(Data)
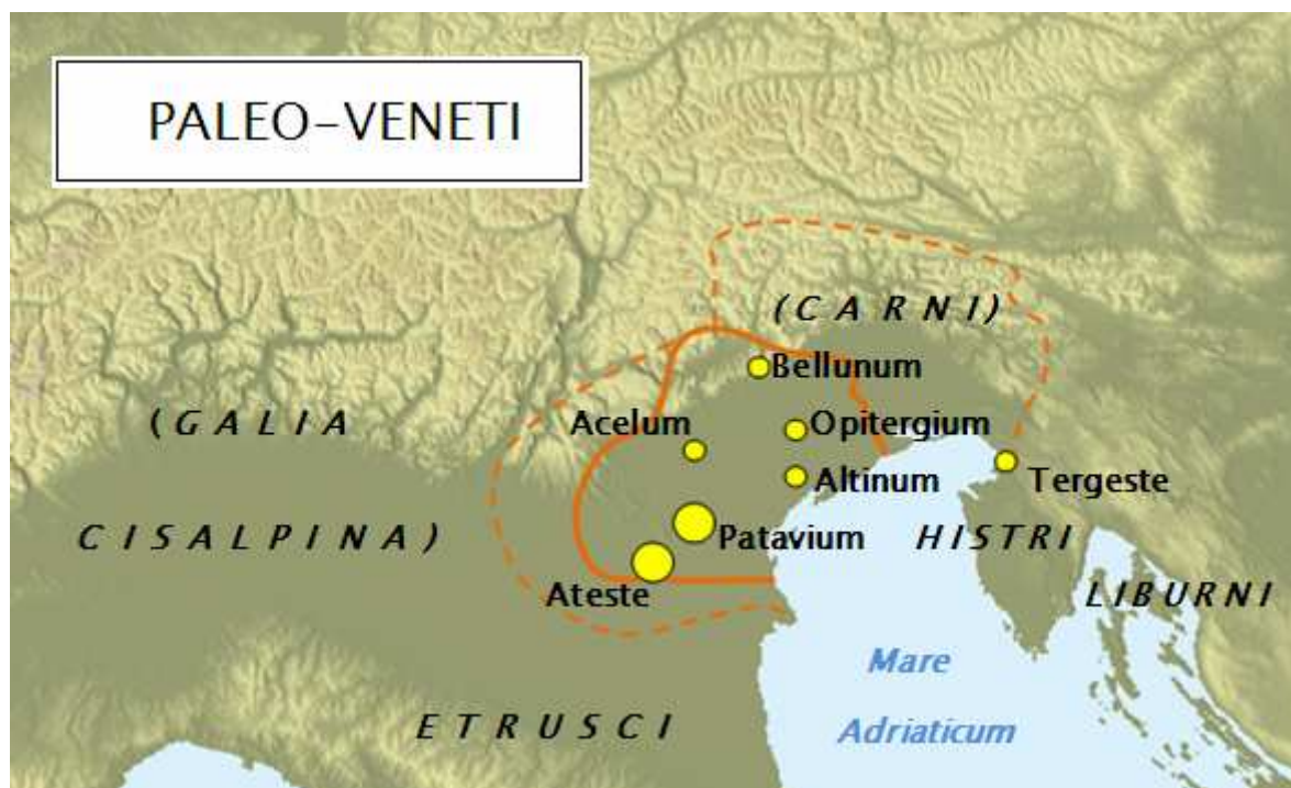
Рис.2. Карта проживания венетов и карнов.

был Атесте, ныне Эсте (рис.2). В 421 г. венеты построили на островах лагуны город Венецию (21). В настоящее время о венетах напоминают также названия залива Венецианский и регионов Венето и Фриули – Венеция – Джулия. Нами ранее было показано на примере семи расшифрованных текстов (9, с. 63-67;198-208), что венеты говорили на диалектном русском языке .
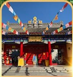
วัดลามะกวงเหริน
(End Data)
(Data)
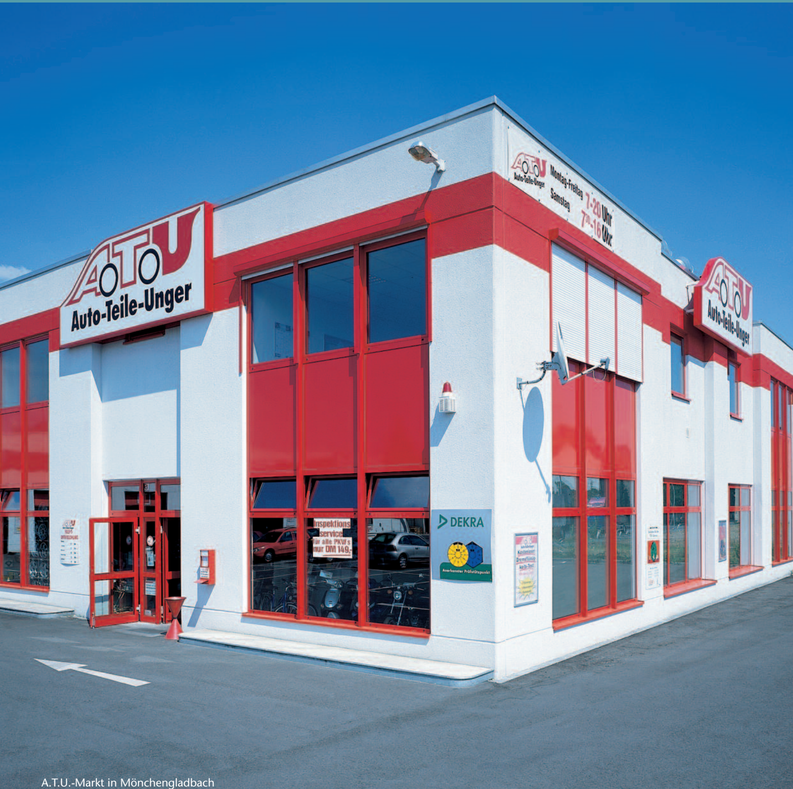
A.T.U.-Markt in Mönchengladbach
(End Data)
(Data)
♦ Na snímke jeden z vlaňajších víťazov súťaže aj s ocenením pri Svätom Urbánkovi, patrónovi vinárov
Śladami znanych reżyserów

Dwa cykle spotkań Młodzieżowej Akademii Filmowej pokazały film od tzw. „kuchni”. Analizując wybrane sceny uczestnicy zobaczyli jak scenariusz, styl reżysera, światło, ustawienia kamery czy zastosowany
(End Data)
Copy the entries above exactly, but only the stretch from the line containing "Рис.2. Карта проживания венетов и карнов." through the line containing "วัดลามะกวงเหริน". Keep both end lines; drop the pictures.

→ Answer for the task:
Рис.2. Карта проживания венетов и карнов.

был Атесте, ныне Эсте (рис.2). В 421 г. венеты построили на островах лагуны город Венецию (21). В настоящее время о венетах напоминают также названия залива Венецианский и регионов Венето и Фриули – Венеция – Джулия. Нами ранее было показано на примере семи расшифрованных текстов (9, с. 63-67;198-208), что венеты говорили на диалектном русском языке .
วัดลามะกวงเหริน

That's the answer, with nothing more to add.